One‐ and two‐step semi‐Lagrangian integrators for ALE‐FE two‐phase flow simulations

Semi-Lagrangian (SL) schemes are of utmost relevance to simulate two-phase flows where advection dominates. The combination of SL schemes with the finite element (FE) method and arbitrary Lagrangian–Eulerian (ALE) dynamic meshes yields a strong ingredient to deal with applications in Earth sciences, environmental engineering, and oil and gas industry whose numerical background is incipient. This article is intended to propose a second-order time multistep SL/ALE/FE scheme to track particle trajectories traveling amidst single- or two-phase incompressible flows both in fixed and moving mesh situations. The novel scheme is a BDF2-like implementation that considers the mesh velocity as part of its backward-in-time integration. Trajectory departure points are searched through extrapolation and followed by a multistep interpolation corrector that works both for constant and varying time steps.
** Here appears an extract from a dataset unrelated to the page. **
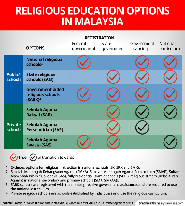 According to the ministry's Malaysia Education Blueprint 2013-2025 launched September 2013, there are broadly two main categories for religious schools — public and private.

A series of two-phase benchmark flow simulations are carried out by using the cubic element to compare the performance of the new integrator against single-step approximations as well as to analyze enhancements in representing the two-phase flow dynamics. We use the 2D axisymmetric Navier–Stokes equations as underlying model. Error analyses, convergence tests, quantitative, and qualitative comparisons are presented and discussed to highlight the superior conservative feature of the novel scheme.